## DATA EXTRACT
◇ ◇ ◇ ◇ ◇

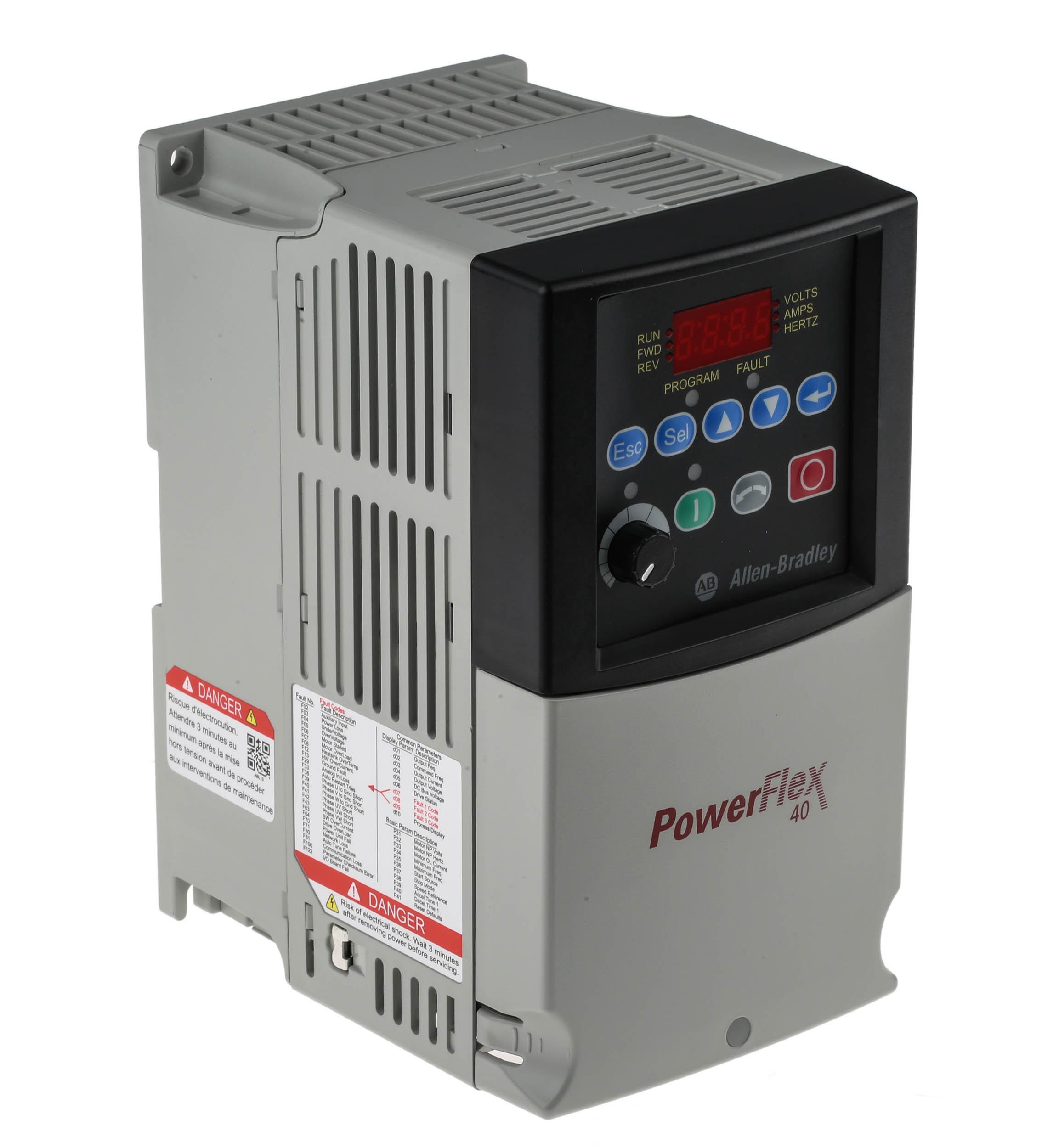 ALLEN BRADLEY 22BD010N104 POWERFLEX 40 5HP 480V 400HZ AC. Documents & Guides Cut Sheet Owners Manual Quick Start Guide Technical Bulletin Drive, PowerFlex 40, 380 - 480 Volt AC, 3-Phase, 4 kW, 5 Horse Power, 10.5 Amp, B Frame, No Filter, IP20 Open. The 22B-D010N104 has a flying start, drive overload protection, and ramp regulation.
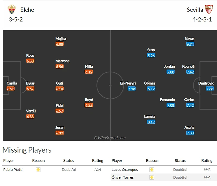 На что обратить внимание: На Жюля Кунде(6,5). Чем ближе закрытие трансферного окна, тем туманнее будущее француза. По состоянию на сейчас даже не очень ясно, появится ли он на поле Эстадио Борха Мартинес Валеро. Челси активно подкатывает к оборонцу сами знаете что, но первое предложение англичан в 50 миллионов евро Севилью не устроило.
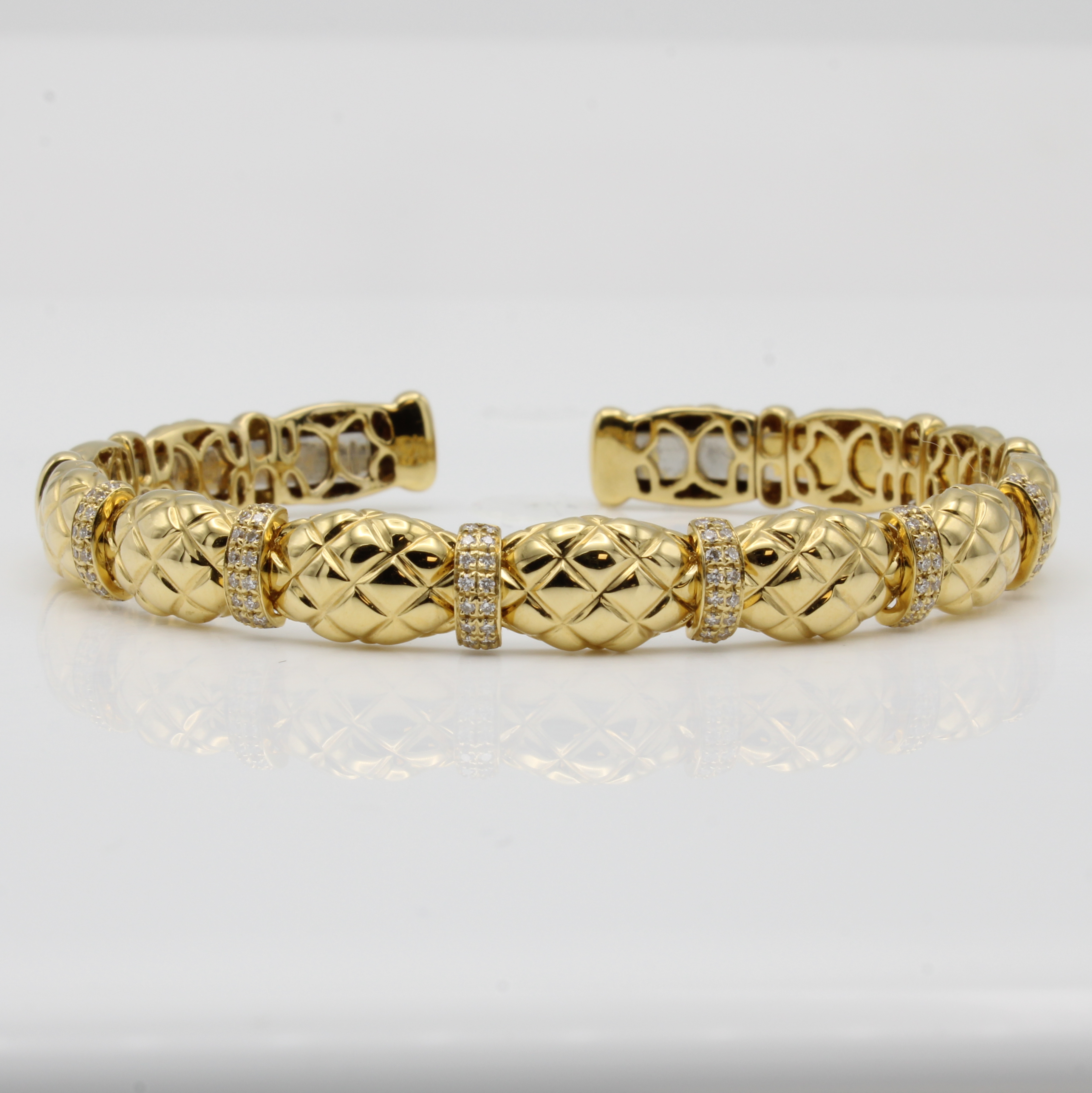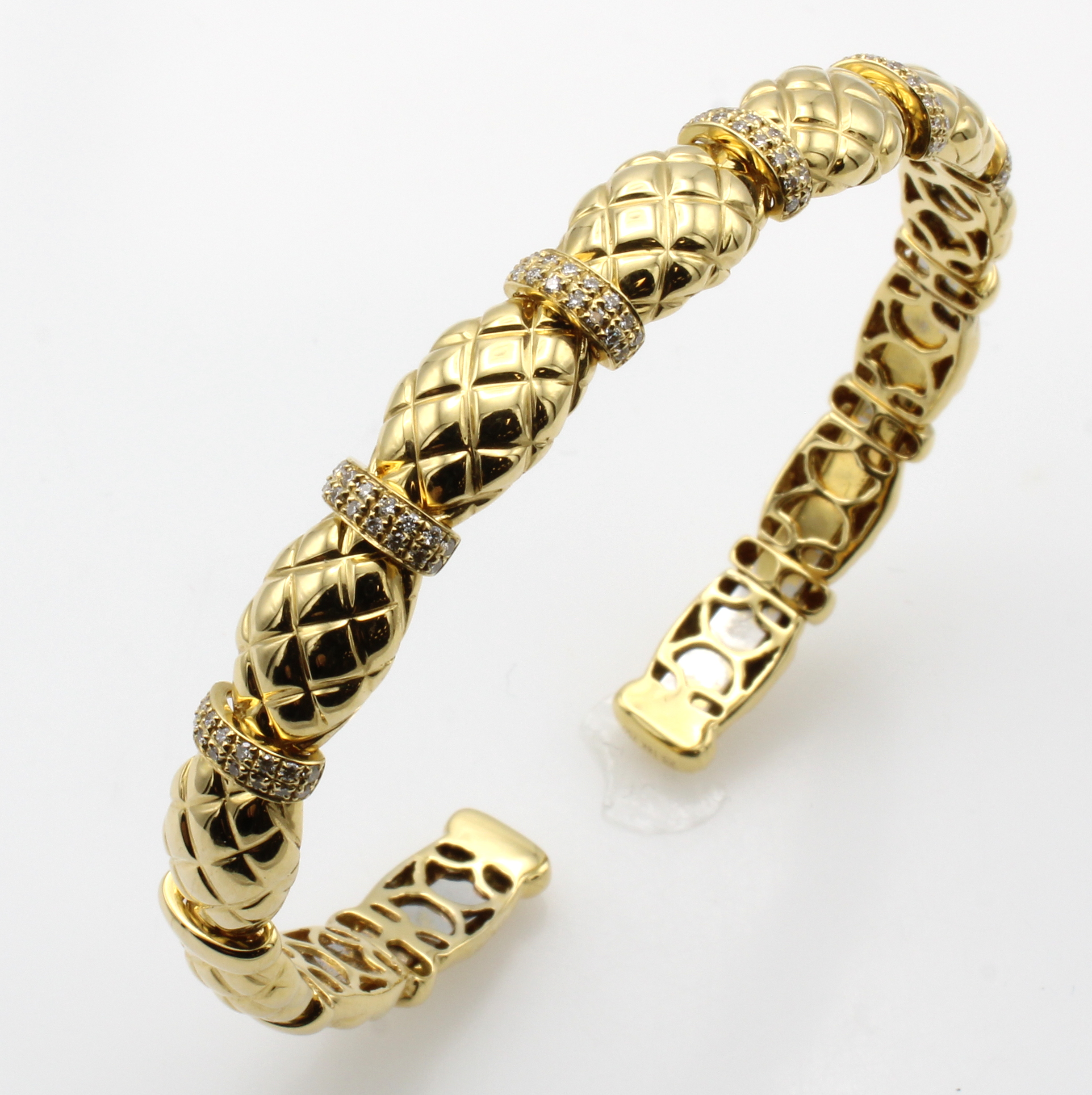 Armspange mit Brillanten, GG 750/000, Brill.zus. ca. 0.34 ct feines Weiß/si, Oberfläche in Rautenmuster, flexibel gearbeitet
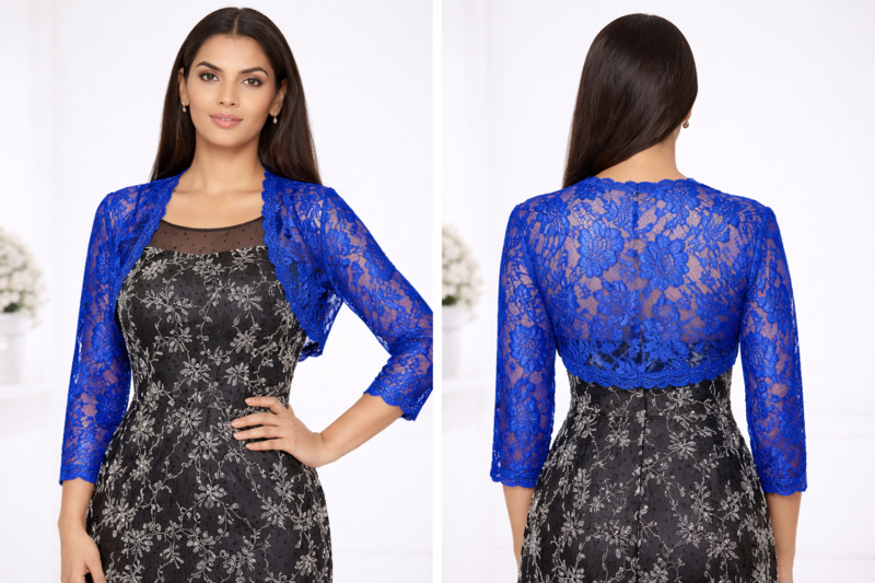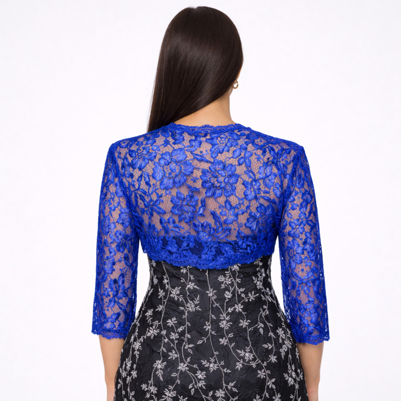 Deze elegante bolero van luxe kant in een diepe royalblauwe kleur is een stijlvolle toevoeging aan iedere feestelijke outfit.
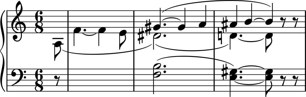 | Keywords: Wagner Tristan opening.svg s2 gis4 ~ gis4 a8 ais8 b4~ b8 \oneVoice r r B \relative c' \voiceTwo a8 f'4 ~ f4 e8 dis2 d 4 ~ d8 s s C \relative c \clef bass r8 R1 6/8 <f b>2 <e gis>4 ~ <e gis>8 r r \score \new PianoStaff << \new Staff << \new Voice \A \new Voice \B >> \new Staff \C >> \layout indent 0 0\mm ragged-right t </pre> 2015-12-09 File Wagner Tristan opening png Music Richard Wagner <br> Original PNG image wikipedia User Camembert other versions Custom license marker 2015 12 09 Uploaded with UploadWizard Sheet music of Richard Wagner Tristan chords |
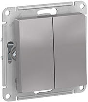 Переключатель двухклавишный Schneider Electric ATN000365 AtlasDesign (10 АХ) скрытой установки, алюминий
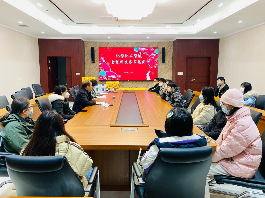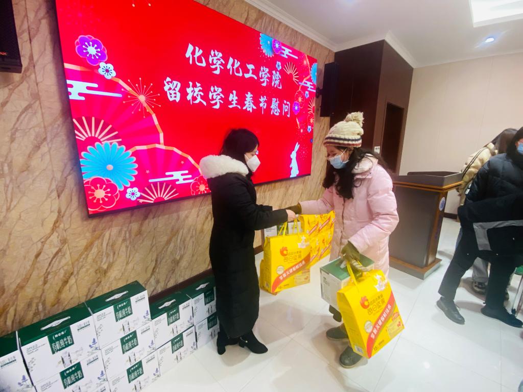 最后,各位辅导员为同学们送上了新春祝福。本次慰问活动,不仅为留校过春节的同学带去了来自学院的温暖和关怀,也用学院的温情扫去了冬季的寒冷。祝愿全体化院学子春节快乐!阖家幸福、万事如意、兔年吉祥!
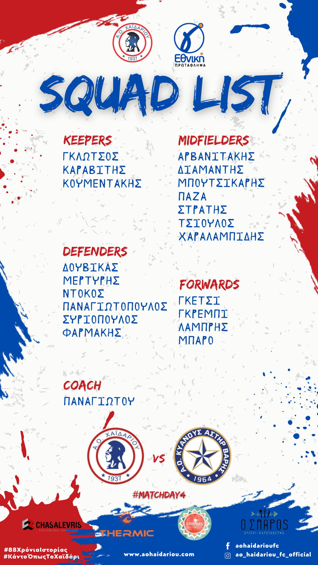 Μετά το τέλος της σημερινής πρωινής προπόνησης, ο προπονητής μας Μάριος Παναγιώτου, ανακοίνωσε την αποστολή της ομάδας μας για το εντός έδρας ματς απέναντι στον Αστέρα Βάρης, στα πλαίσια της 4ης αγωνιστικής. Εκτός αποστολής έμειναν ο τραυματίας Γωγουβίτης, καθώς και ο τιμωρημένος Ικεότσα. Οι Γιαννόπουλος, Κονδύλης και Φακατσέλης θα ενισχύσουν το Χαϊδάρι Β’ στο γειτονικό ντέρμπι απέναντι στον Ζέφυρο Αιγάλεω.
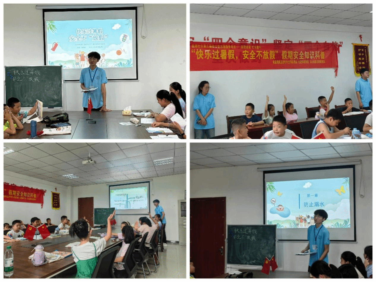 开班仪式上,小先生向学员及家长介绍了本次行知学堂创办的初衷和即将开展的特色活动,与学员家长们完成了安全承诺协议书的签订。开班仪式结束后,第一课围绕“快乐过暑假,安全不放假”主题,小先生刘钧涛从多个维度生动形象地向小学员们讲述了暑期安全的重要性。
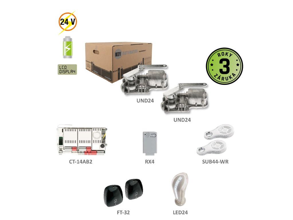 900KUND3024ER - UNDERKIT podzemní pohon pro dvoukřídlou bránu do 3,5m / křídlo, 2x UND24, 1x CT-14A, 1x RX4, 1 pár FT-32, 2x SUB-44WR, 1x LED24 Vlastnosti: Pohony UND24 jsou tiché a spolehlivé s maximálním točivým momentem 250 Nm. Jsou vodotěsné a odolné vůči povětrnostním vlivům. Řídicí jednotka CT-14A umožňuje nastavení různých funkcí, jako je automatické zavírání, brzda, rychlost otevírání a zavírání a bezpečnostní prvky. Fotobuňky FT-32 zajistí bezpečnost průchodu a zabrání bráně v zavření, pokud se v její dráze nachází osoba nebo předmět. Dálkové ovladače SUB-44WR umožňují pohodlné ovládání brány na dálku. Signalizační LED světlo LED24 informuje o stavu brány. Výhody: Estetický vzhled - pohony jsou skryté pod zemí, takže nenarušují vzhled brány. Bezpečnost - fotobuňky a bezpečnostní lišty chrání před zraněním a poškozením. Pohodlní - bránu můžete ovládat na dálku. Spolehlivost - pohony jsou vyrobeny z kvalitních materiálů a jsou odolné vůči povětrnostním vlivům.
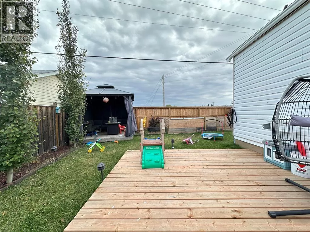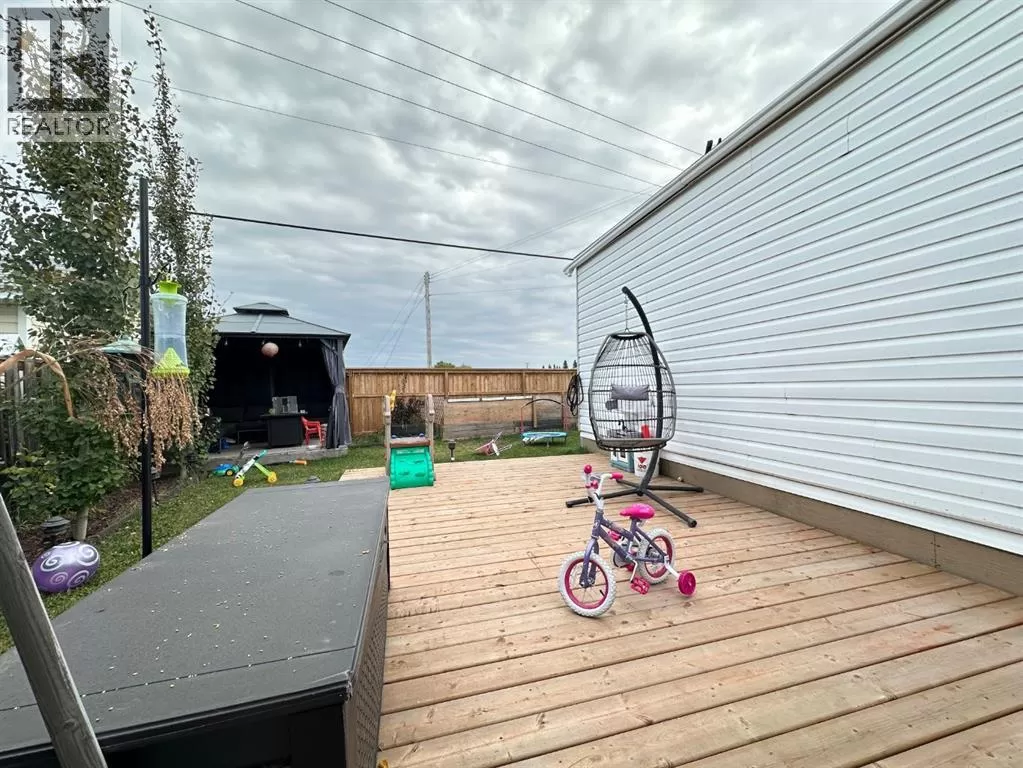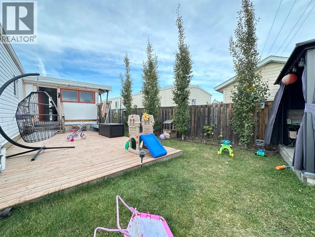 Located in Lloydminster Village, this home has the cozy country feel. Some modifications consist of one bedroom turned into the dining area, bathroom made larger, a 14x16 cold addition added, side enclosure for back door and a fully fenced in yard with 3 decks, gazebo, storage shed and dog run. The yard in the summer time is one you will sit in and enjoy those warm evenings. Lot rental fee of $640 per month includes water, sewer, garbage, common area maintenance, snow removal and club house access. All offers are to be made Subject to Park approval (id:27476)

◇ ◇ ◇ ◇ ◇

## WHAT THE TASK REQUIRES
Look above for the line with "Deze elegante bolero"; quote it and every line after it, stopping after the line with "开班仪式上,小先生向学员及家", exactly, with nothing added and without pictures.

## COMPLETED TASK
 Deze elegante bolero van luxe kant in een diepe royalblauwe kleur is een stijlvolle toevoeging aan iedere feestelijke outfit.
 | Keywords: Wagner Tristan opening.svg s2 gis4 ~ gis4 a8 ais8 b4~ b8 \oneVoice r r B \relative c' \voiceTwo a8 f'4 ~ f4 e8 dis2 d 4 ~ d8 s s C \relative c \clef bass r8 R1 6/8 <f b>2 <e gis>4 ~ <e gis>8 r r \score \new PianoStaff << \new Staff << \new Voice \A \new Voice \B >> \new Staff \C >> \layout indent 0 0\mm ragged-right t </pre> 2015-12-09 File Wagner Tristan opening png Music Richard Wagner <br> Original PNG image wikipedia User Camembert other versions Custom license marker 2015 12 09 Uploaded with UploadWizard Sheet music of Richard Wagner Tristan chords |
 Переключатель двухклавишный Schneider Electric ATN000365 AtlasDesign (10 АХ) скрытой установки, алюминий
 最后,各位辅导员为同学们送上了新春祝福。本次慰问活动,不仅为留校过春节的同学带去了来自学院的温暖和关怀,也用学院的温情扫去了冬季的寒冷。祝愿全体化院学子春节快乐!阖家幸福、万事如意、兔年吉祥!
 Μετά το τέλος της σημερινής πρωινής προπόνησης, ο προπονητής μας Μάριος Παναγιώτου, ανακοίνωσε την αποστολή της ομάδας μας για το εντός έδρας ματς απέναντι στον Αστέρα Βάρης, στα πλαίσια της 4ης αγωνιστικής. Εκτός αποστολής έμειναν ο τραυματίας Γωγουβίτης, καθώς και ο τιμωρημένος Ικεότσα. Οι Γιαννόπουλος, Κονδύλης και Φακατσέλης θα ενισχύσουν το Χαϊδάρι Β’ στο γειτονικό ντέρμπι απέναντι στον Ζέφυρο Αιγάλεω.
 开班仪式上,小先生向学员及家长介绍了本次行知学堂创办的初衷和即将开展的特色活动,与学员家长们完成了安全承诺协议书的签订。开班仪式结束后,第一课围绕“快乐过暑假,安全不放假”主题,小先生刘钧涛从多个维度生动形象地向小学员们讲述了暑期安全的重要性。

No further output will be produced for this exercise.